**** Data shown ****
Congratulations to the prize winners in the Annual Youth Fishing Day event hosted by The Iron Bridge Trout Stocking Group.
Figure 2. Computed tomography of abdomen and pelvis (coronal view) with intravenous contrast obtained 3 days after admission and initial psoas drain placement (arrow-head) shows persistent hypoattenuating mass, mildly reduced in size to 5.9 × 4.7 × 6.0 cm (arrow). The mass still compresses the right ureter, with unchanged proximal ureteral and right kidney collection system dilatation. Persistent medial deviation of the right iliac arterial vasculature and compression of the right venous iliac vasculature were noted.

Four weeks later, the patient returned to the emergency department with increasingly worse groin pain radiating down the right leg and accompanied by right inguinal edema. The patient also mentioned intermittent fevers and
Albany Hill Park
****
**** Data shown ****
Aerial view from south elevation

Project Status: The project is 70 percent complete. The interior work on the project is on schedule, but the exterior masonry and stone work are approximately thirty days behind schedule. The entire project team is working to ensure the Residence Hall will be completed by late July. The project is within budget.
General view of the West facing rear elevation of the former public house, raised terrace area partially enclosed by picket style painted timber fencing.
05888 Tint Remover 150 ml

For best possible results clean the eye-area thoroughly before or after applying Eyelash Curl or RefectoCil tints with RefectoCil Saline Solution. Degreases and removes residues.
****
▶ About this exercise: Here the output must be the lines above from the line with "Four weeks later, the" to the line with "Albany Hill Park", both included, duplicated word for word and nothing else.

▶ Answer:
Four weeks later, the patient returned to the emergency department with increasingly worse groin pain radiating down the right leg and accompanied by right inguinal edema. The patient also mentioned intermittent fevers and
Albany Hill Park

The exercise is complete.